Thursday, January 21, 2010

Fr. Sam on Hugging

Healing

When speaking with Father Sam recently, he told My Dear Wife and me about something from his childhood, the profoundness and lesson of which has taken me some time to absorb.

When he was a young baby, he was a good boy.  He was so good and so quiet as a baby that his mother focused her attention on the other children, who were more demanding, and she did not pick him up and cuddle him.  He, of course did not know that until many years later, after ordination, when something else happened.

As a middle aged priest, Father Sam was 38 when he was ordained, he spoke about the difficulties that he had getting things going for the youth of parishes that he was in.  He told of starting a youth choir with 19 eager kids the first day.  That declined such that 2 weeks later, he had just 2 children show up for practice.  He said that that was the way things went for him, and it was discouraging.

But, there seems to have been an underlying symptom.  Father Sam could not hug people.  That symptom now seems to have been one of the indicators of a loss of affection from his childhood and therefor the ability to reach out with affection and love to others.

But, Father Sam encountered Jesus and the Holy Spirit at age 42, when he went on a retreat for priests, and was baptized in the Holy Spirit.  He tells of his drive back to southern Ontario from the retreat in Toronto with Father Charlie Campbell, another priest of the diocese at the time, and telling him that he felt different, and could not explain it.
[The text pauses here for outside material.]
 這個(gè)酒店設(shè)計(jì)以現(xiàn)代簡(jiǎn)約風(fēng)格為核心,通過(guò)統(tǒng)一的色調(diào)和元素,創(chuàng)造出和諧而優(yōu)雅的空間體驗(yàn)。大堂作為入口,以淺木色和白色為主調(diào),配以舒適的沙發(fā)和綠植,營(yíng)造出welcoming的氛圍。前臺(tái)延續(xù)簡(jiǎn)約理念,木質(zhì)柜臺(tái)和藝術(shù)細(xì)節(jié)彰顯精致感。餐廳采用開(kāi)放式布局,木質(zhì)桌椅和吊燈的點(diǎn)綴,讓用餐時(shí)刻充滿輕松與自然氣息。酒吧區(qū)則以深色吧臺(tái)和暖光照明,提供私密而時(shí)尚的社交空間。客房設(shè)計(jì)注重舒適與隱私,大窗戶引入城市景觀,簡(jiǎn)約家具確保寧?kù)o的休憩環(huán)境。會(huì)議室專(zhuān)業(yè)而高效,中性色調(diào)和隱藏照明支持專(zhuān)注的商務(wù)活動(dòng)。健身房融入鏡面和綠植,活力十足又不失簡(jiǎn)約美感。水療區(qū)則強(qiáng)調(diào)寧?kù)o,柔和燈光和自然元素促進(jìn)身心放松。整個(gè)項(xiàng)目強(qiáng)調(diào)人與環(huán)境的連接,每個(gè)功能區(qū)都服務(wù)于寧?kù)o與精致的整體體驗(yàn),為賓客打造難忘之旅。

Father Sam had caught the Love Bug.  He became a hugger, but more than that he became a great lover of his fellow man, the others on the journey.  Suddenly, he was able to relate to the youth in ways he never could before.  Also, he looked for ways to introduce them to Jesus and to the Holy Spirit, with much positive effect.
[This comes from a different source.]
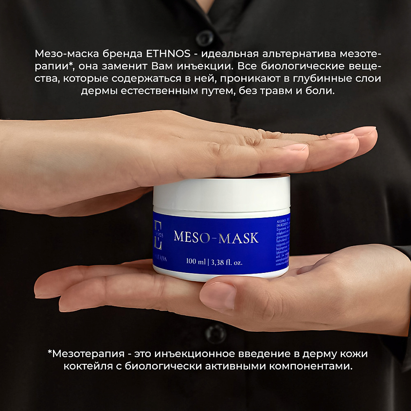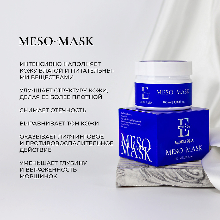 В основе всей линейки Ethnos Middle Asia лежит уникальный продукт – экстракт муцина улитки, который обладает мощным увлажняющим действием.Мезо-маска – идеальное средство ухода за кожей. Маска поможет убрать с лица следы усталости и отеки, придаст коже свежесть и сияние, напитает влагой, поможет справиться с шелушением и сухостью. Маска восстанавливает упругость кожи, делает ее эластичной, подтянутой, способствует коррекции морщин, сужает поры. Маска незаменима при нестабильном режиме дня, стрессе и усталости.

Unbeknownst to Father Sam at the time, he was healed of a great pain in his heart, of the loneliness from his childhood, that one could not fathom in a family of several children.  He received a healing of the memories that were getting in the way of effective ministry.

Here is the lesson in this.  We are all bound to some extent or other in the memories of our lives.  Those memories of joy and love form us, but so too do the memories of hurt and trauma.  The memories from our childhood, when our mental capacities were not matured are the most damaging.  They form our responses to situations, that are in some way similar to the particular traumatic event that occurred, and over time a hard shell develops and we form patterns of behaviour that become hard to break.

Father Sam could not form the kind and gentle loving attachments to the youth of his parishes in the early days, because he had been formed by trauma to respond in certain ways, staying aloof and apart.  Consequently, the youth could not respond to him either, as they sought a Father in him.

But, God reached into his heart, and took away all the pain, in a miraculous way.  Suddenly, the past was gone and Father Sam could love, as His Saviour loved him, and the rest of his ministry years are a story of love and kindness, and of a big and gentle bear of a man.  When you have been hugged by Father Sam, you have been hugged, my friends.

He understands deep in his heart, why he is FATHER Sam.

If you can search into your own heart with curiosity, not judgment, and find ways of behaving that seem odd to you, or which impair your effectiveness in your life, try first to search your mind in prayer for the root traumatic event that set you on the path to your current actions.  Then, give it, whether or not you can uncover it, and all of its effect to Our Loving God.  Make it a gift to Him.  He wants ALL of you, not just what you think is good.  He wants it ALL.  Let Him take it, heal it and give you back the Truth.  Do this in the Name of Jesus, the Name above all names, and watch how the Lord heals you.